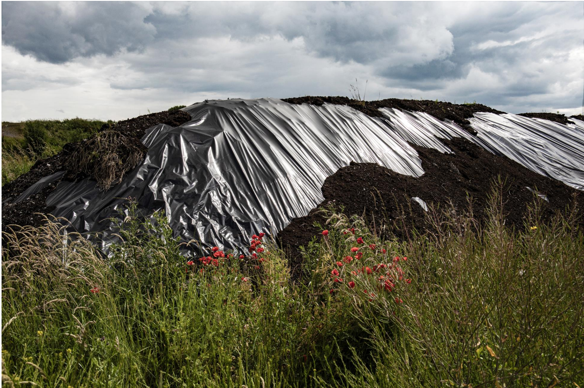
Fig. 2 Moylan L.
* * *
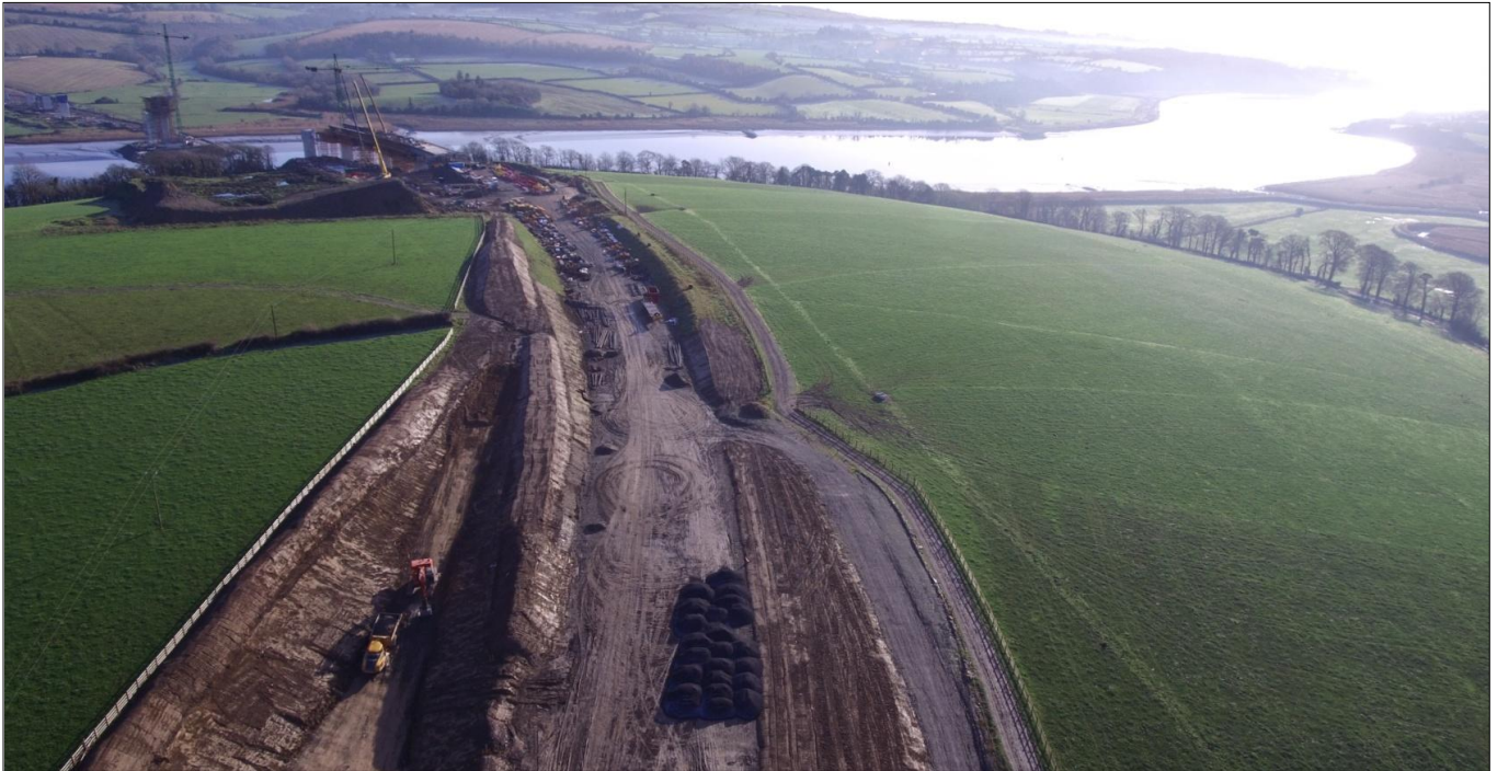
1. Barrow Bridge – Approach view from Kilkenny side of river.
==
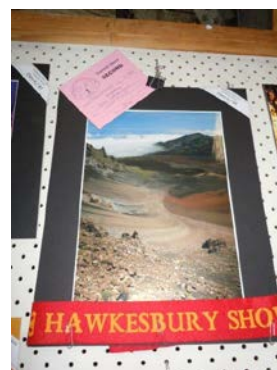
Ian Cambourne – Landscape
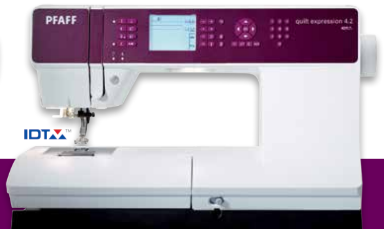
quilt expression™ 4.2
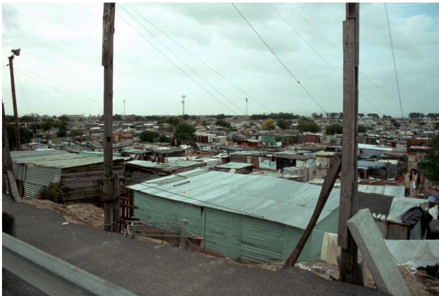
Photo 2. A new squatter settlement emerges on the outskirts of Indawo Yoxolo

== Exercise prompt ==
All that should appear in the answer is the lines above from the line with "Ian Cambourne – Landscape" through the line with "Photo 2. A new", retyped exactly, pictures left out.

== Your response ==
Ian Cambourne – Landscape
quilt expression™ 4.2
Photo 2. A new squatter settlement emerges on the outskirts of Indawo Yoxolo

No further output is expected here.